Items from a data source:

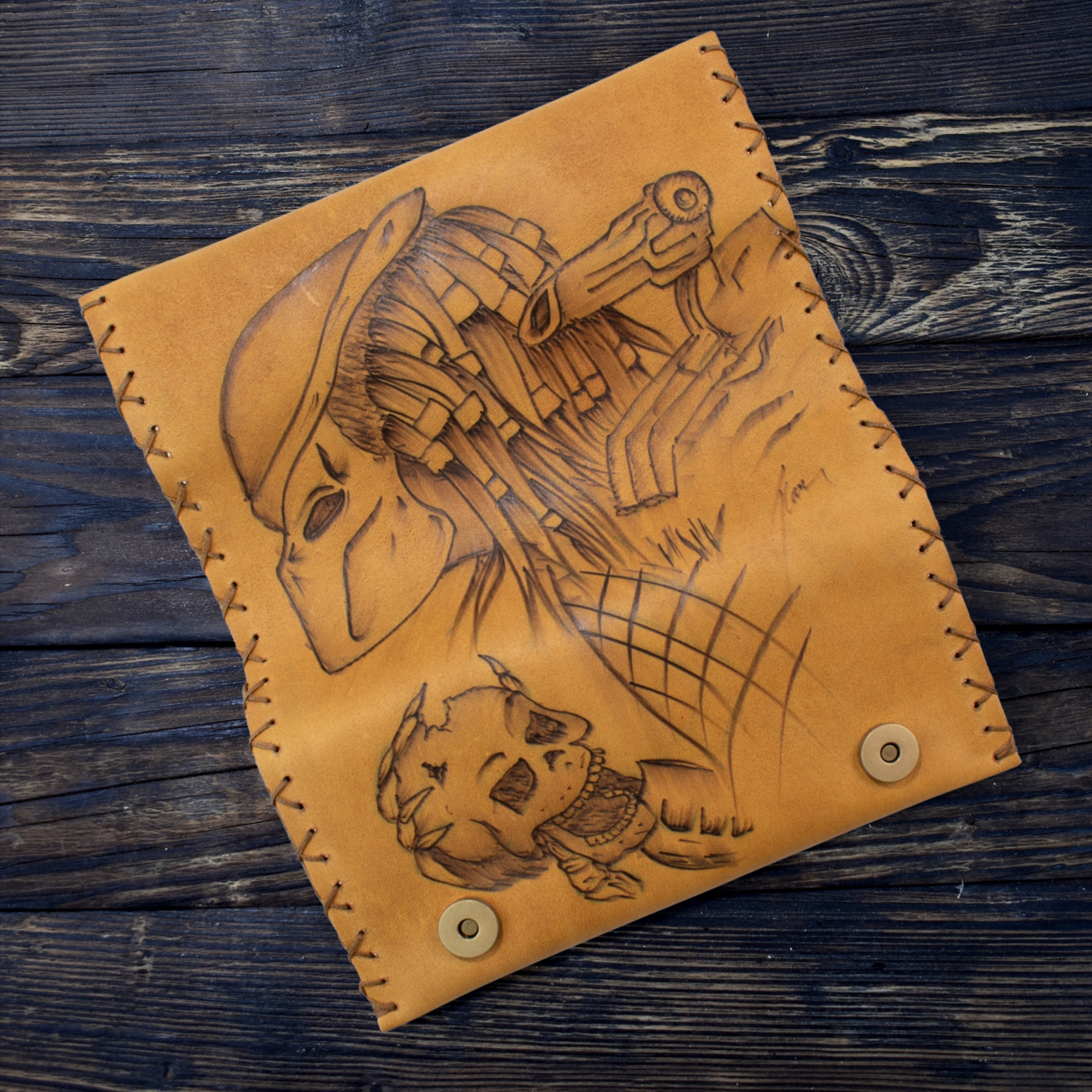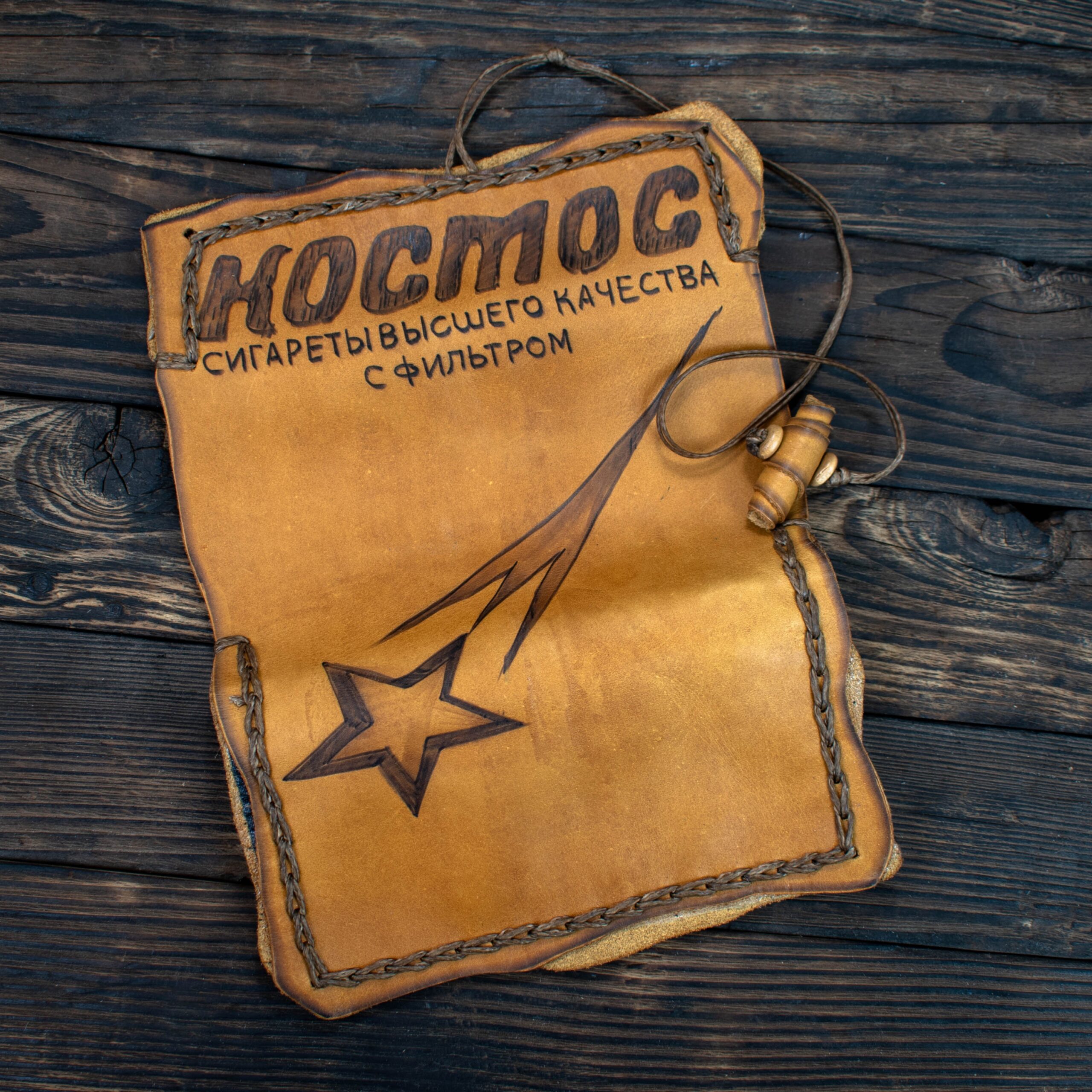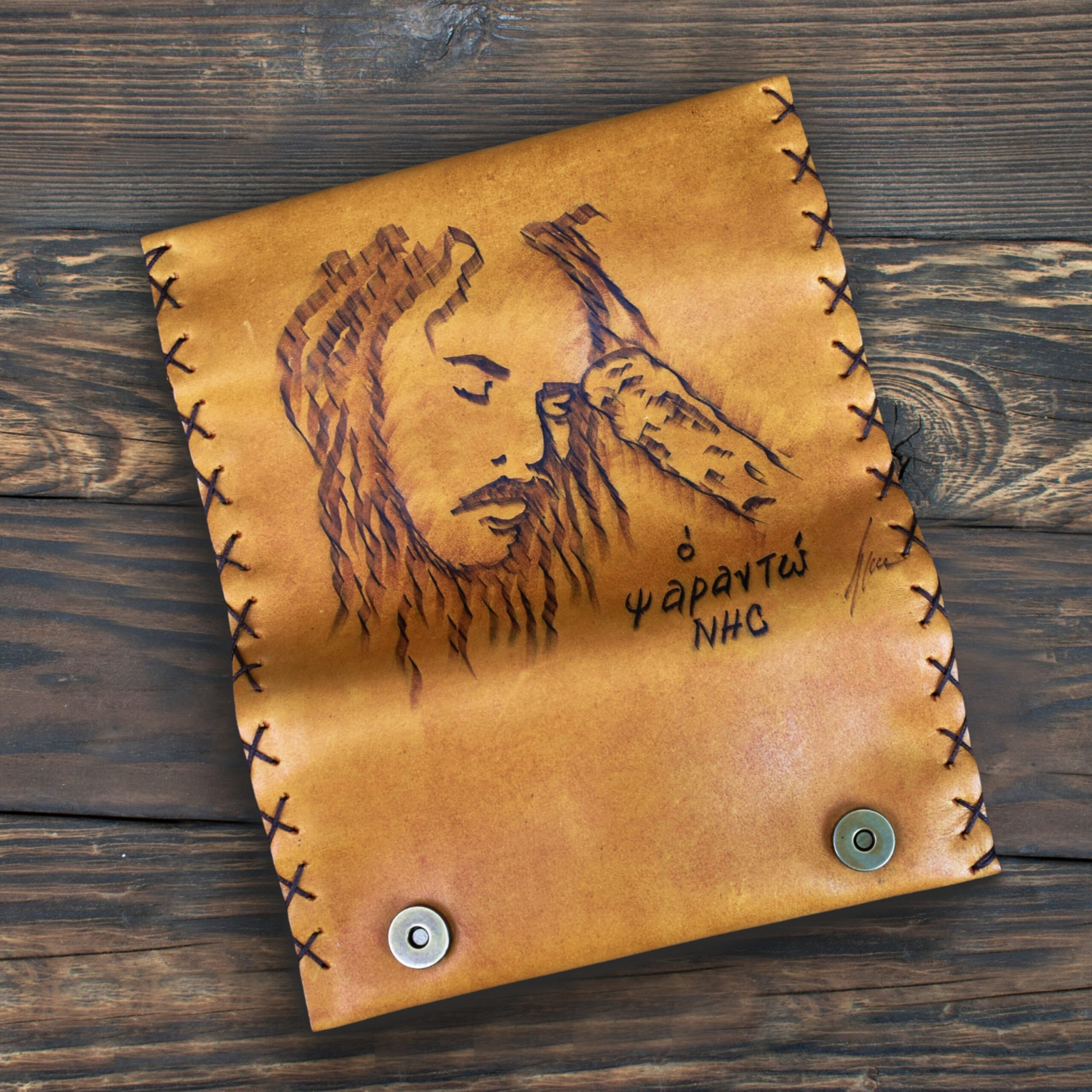 Από χοντρό φυσικό δέρμα διακοσμημένη στο χέρι με τη μέθοδο της πυρογραφίας για να αποθηκεύετε και να μεταφέρετε με στυλ τον καπνό σας.
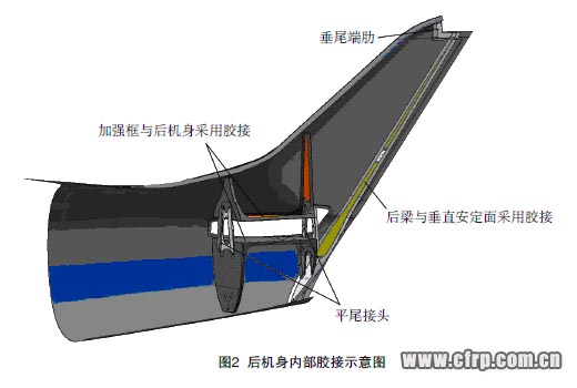 (1)后機身內有兩個加強框,由上下兩個碳纖維復合材料件與蒙皮及垂直安定面后梁膠接組成,垂直安定面內部有一個翼梁,采用碳纖維復合材料蜂窩夾層結構,采用膠接與蒙皮連接,如圖1、圖2所示。
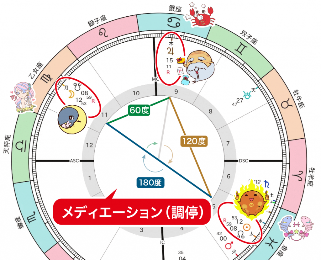 対向する2つの天体に対して、緊張を和らげて間を取り持つように作用するのが調停(メディエーション)です。
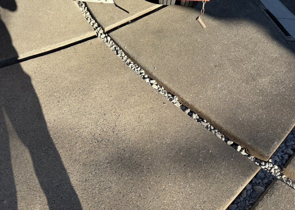 今回は土間コンクリートの目地芝が枯れてしまい、雑草が目立ってきた為すべて撤去後デザイン土間のご依頼をいただきました。
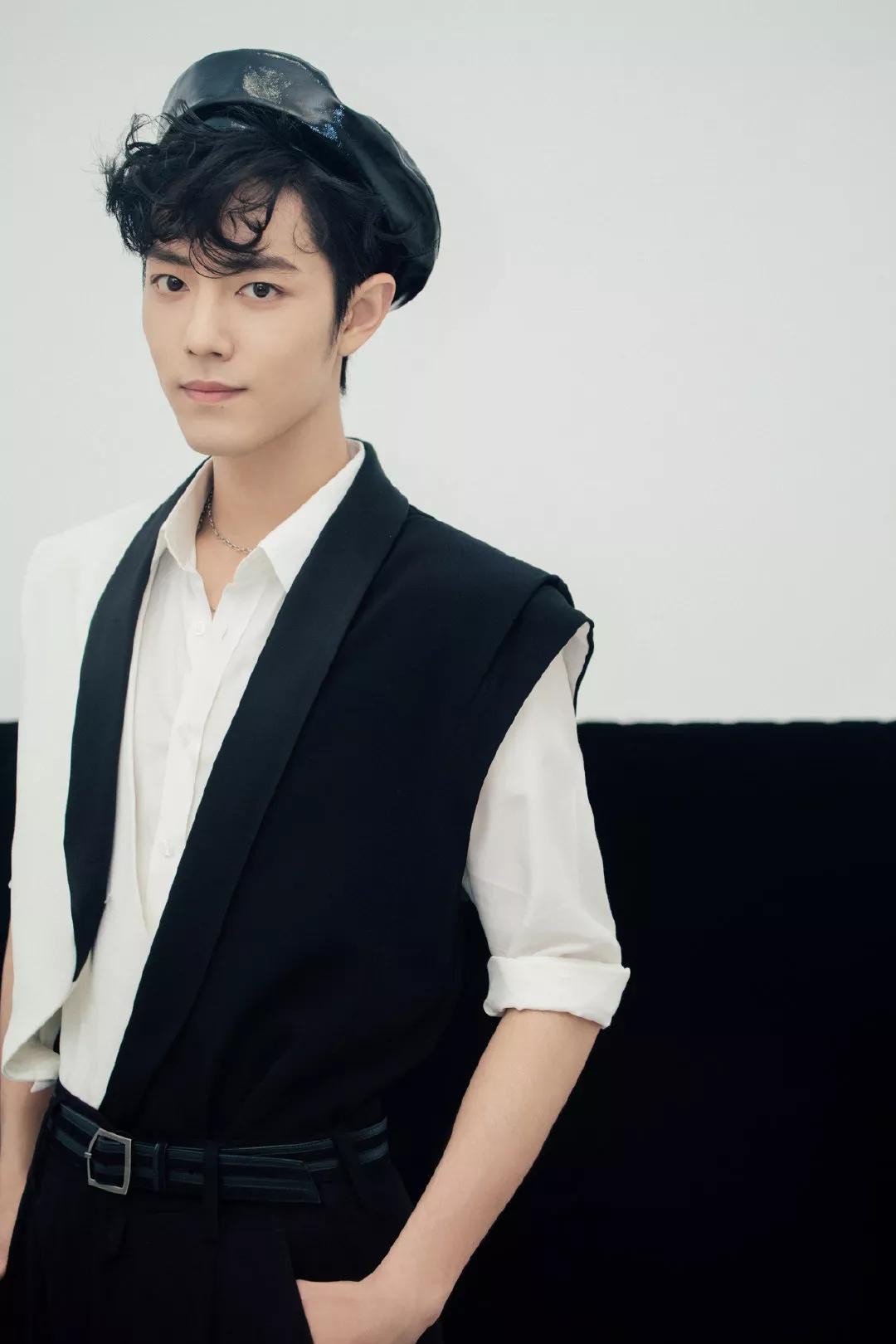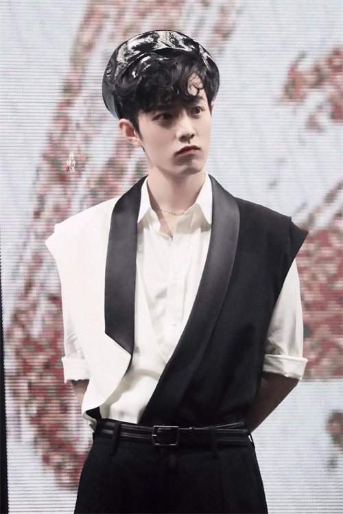 黑白拼接西装马甲,搭配贝雷帽和小卷发,他一定是个精灵,人不可能长这样!
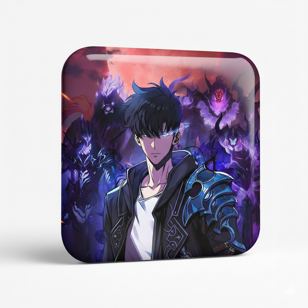 Invoque o poder do Monarca das Sombras com este botton exclusivo de Solo Leveling. A arte captura a imponência de Sung Jin-Woo, o caçador que se reergueu do nível mais baixo para se tornar uma lenda, acompanhado por seu exército de sombras leais.

> _Work instructions_
Since only the text is wanted, repeat all the records above exactly and omit the pictures.

> _Response box_
 Από χοντρό φυσικό δέρμα διακοσμημένη στο χέρι με τη μέθοδο της πυρογραφίας για να αποθηκεύετε και να μεταφέρετε με στυλ τον καπνό σας.
 (1)后機身內有兩個加強框,由上下兩個碳纖維復合材料件與蒙皮及垂直安定面后梁膠接組成,垂直安定面內部有一個翼梁,采用碳纖維復合材料蜂窩夾層結構,采用膠接與蒙皮連接,如圖1、圖2所示。
 対向する2つの天体に対して、緊張を和らげて間を取り持つように作用するのが調停(メディエーション)です。
 今回は土間コンクリートの目地芝が枯れてしまい、雑草が目立ってきた為すべて撤去後デザイン土間のご依頼をいただきました。
 黑白拼接西装马甲,搭配贝雷帽和小卷发,他一定是个精灵,人不可能长这样!
 Invoque o poder do Monarca das Sombras com este botton exclusivo de Solo Leveling. A arte captura a imponência de Sung Jin-Woo, o caçador que se reergueu do nível mais baixo para se tornar uma lenda, acompanhado por seu exército de sombras leais.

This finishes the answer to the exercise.